Tuesday’s procedural vote kicks off what is likely to be another intense round of debate on health care, in which senators are sure to propose numerous changes to the plan – which could either boost or doom its chances. If a bill passes, it would still have to be reconciled with the House version.
McCain warned colleagues after the test vote that he would not support the bare-bones, “shell” bill in its current form as he urged lawmakers from both parties to reach across the aisles.
“We’re getting nothing done my friends,” McCain said from the floor, adding “something has to be done” on health care.
Honestly, I was hoping to be able to make fun of him here, but he did an okay job.
I expected a presentation like at the Comey hearing.
He also gave a speech after the vote passed.
Sort of a goodbye speech I guess. Trying to get people to remember him fondly.
Well, no dice, buddy. We hate you now and we will hate you after you’re dead. We will mock you and mock your family when you die, and we will spread all of the horrible information that will be released about you after your death.
As the test vote began, Senate Majority Leader Mitch McConnell, R-Ky., urged his Republican colleagues to follow through on campaign promises to repeal and replace the Affordable Care Act.
“We have a duty to act. … The president is ready with his pen,” he said. “We can’t let this moment slip by.”
Moments earlier, Senate Minority Leader Chuck Schumer, D-N.Y., beseeched Republicans to “turn back”
“We know the ACA is not perfect. But we also know what you’ve proposed is much worse,” he said.
A rowdy group of protesters also interrupted the start of proceedings, chanting, “kill the bill, don’t kill us” and “shame.”
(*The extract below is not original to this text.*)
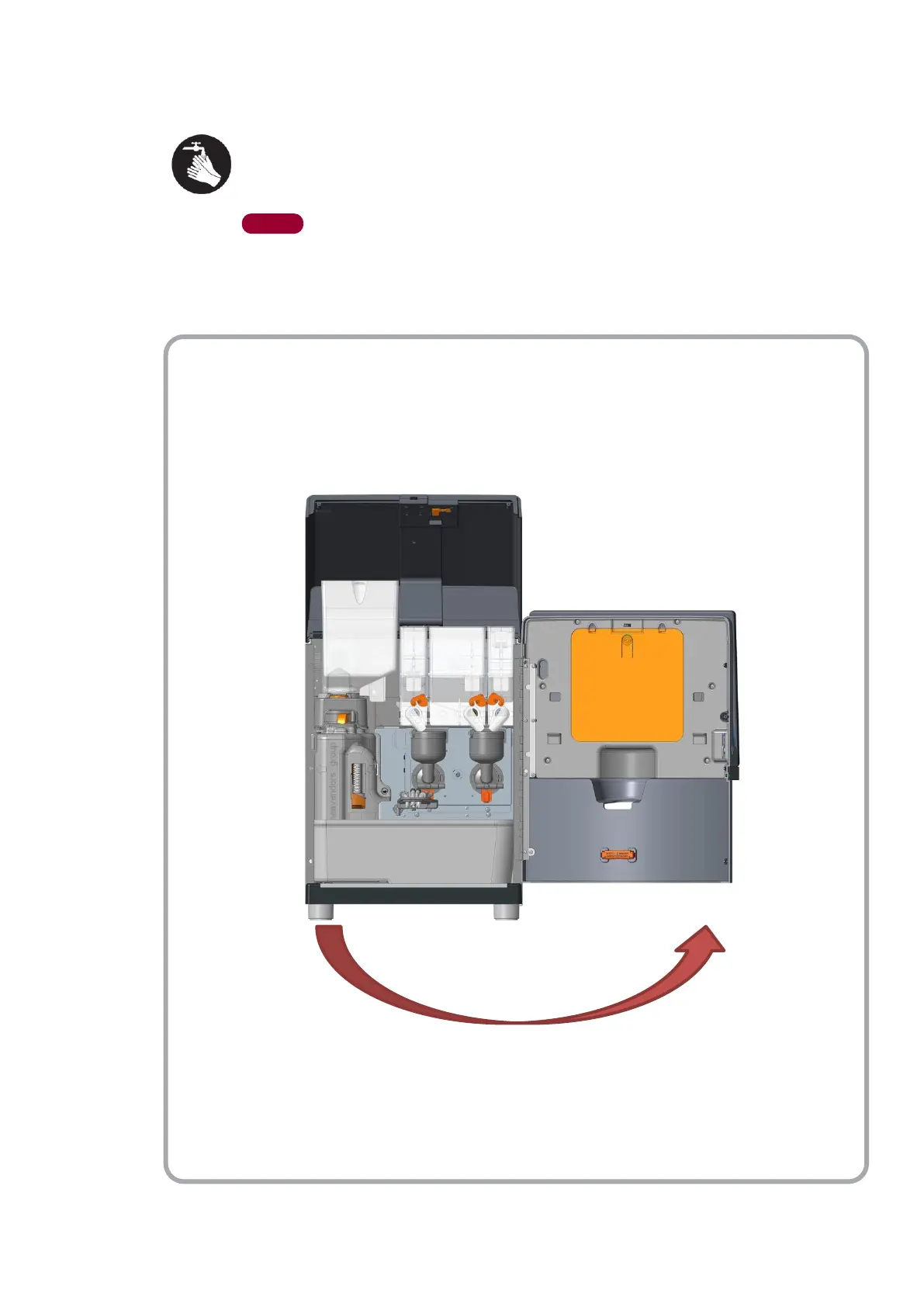 WASH HANDS THOROUGHLY WITH WATER AND SOAP BEFORE HANDLING THE MACHINE

Yeah that was weird as hell.
You can’t see them in the video, but apparently they were in the public part of the Senate building.
Chanting.
They shows the damage fake news can do to people. They think they’re going to die.
The people who will get “kicked off health insurance” are actually just people who don’t want to pay for it that won’t be forced to.
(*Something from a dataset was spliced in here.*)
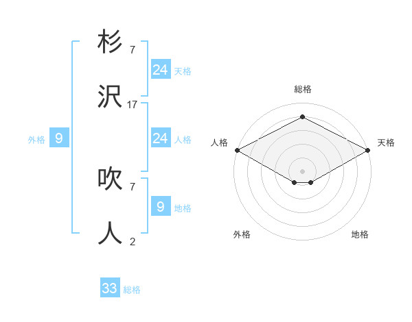 杉沢 吹人さんの総格は33画の4点!

As I have said, I go to the doctor less than once a year and do not need health insurance. Most people under 60 do not.
If I have an accident, I will go to the emergency room and just refuse to give them my name and not pay it. I have done this after car accidents and one time when a black robbed me and sliced my skull with a knife.
The medical industrial complex is a gigantic scam working with the food industrial complex and the government to keep a very unhealthy population paying a lot of money for no good reason.
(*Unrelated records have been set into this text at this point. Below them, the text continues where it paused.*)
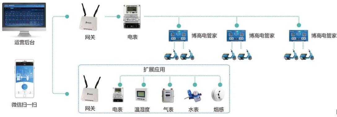 为了解决传统充电方案中的诸多问题,博高信息推出了基于LoRa的智能充电解决方案,其网络架构图如图所示。整个系统包括博高信息自主研发的“博高电管家”智能充电设备和博高电管家云平台、基于LoRaWAN协议的网关、II型采集器、核心网服务器程序和智能电表。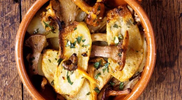 Los hombres suelen exigir comidas abundantes. Estarán encantados si la mujer que aman cocine patatas fritas con rebozuelos en una sartén con salsa.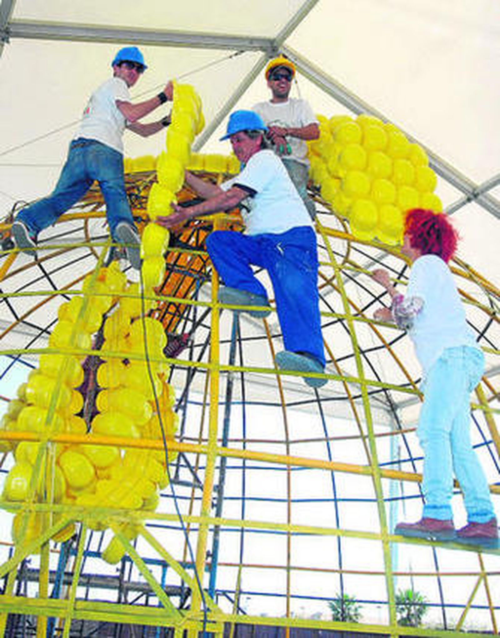 Se trata de una gran estructura metálica de hierros, algunos procedentes de un viejo invernadero. Este gran casco se cubrirá de otros cascos amarillos que se han hecho con material reciclado para este proyecto. "Intentaremos que sea el casco más grande del mundo, donde cada una de sus cédulas sea otro casco y así hasta unos 3.000", señala Rafael Mélida.

It would make sooooo much more sense for the government to:
- Put regulations on food
- Educate the public on health and fitness
- Offer programs for health and fitness, such as free gyms
- Put regulations on pharmaceuticals
And so on.
The reason healthcare is such a big deal in this country is because people are so unhealthy.
Oh and the other reason: people fear death so much that they are willing to blow huge amounts of money on extending their lives an extra couple of months.
That is stupid and wrong. Those extra months are either spent in misery or drugged out of your mind anyway – just die. Everyone has to do it.
I’m not saying “just let old people die,” but this “end of life care” is a scam industry that only causes misery for the individual and for the family that has to sit there and watch a slow death, which often involves mutilation – cutting off body parts. That is good for absolutely no one, and though as with all statistics like this it isn’t totally clear, but it looks like roughly a quarter of all healthcare costs are spent on people in the last six months of their life.
I think the social issue of how sick it is to try and keep someone alive in misery when they’re going to die in a couple months either way is the bigger issue than the cost. But solving that human issue by making it a public thing that people talk about – I think most families spend this money without thinking, being manipulated by bloodthirsty medical professionals – would also save us money.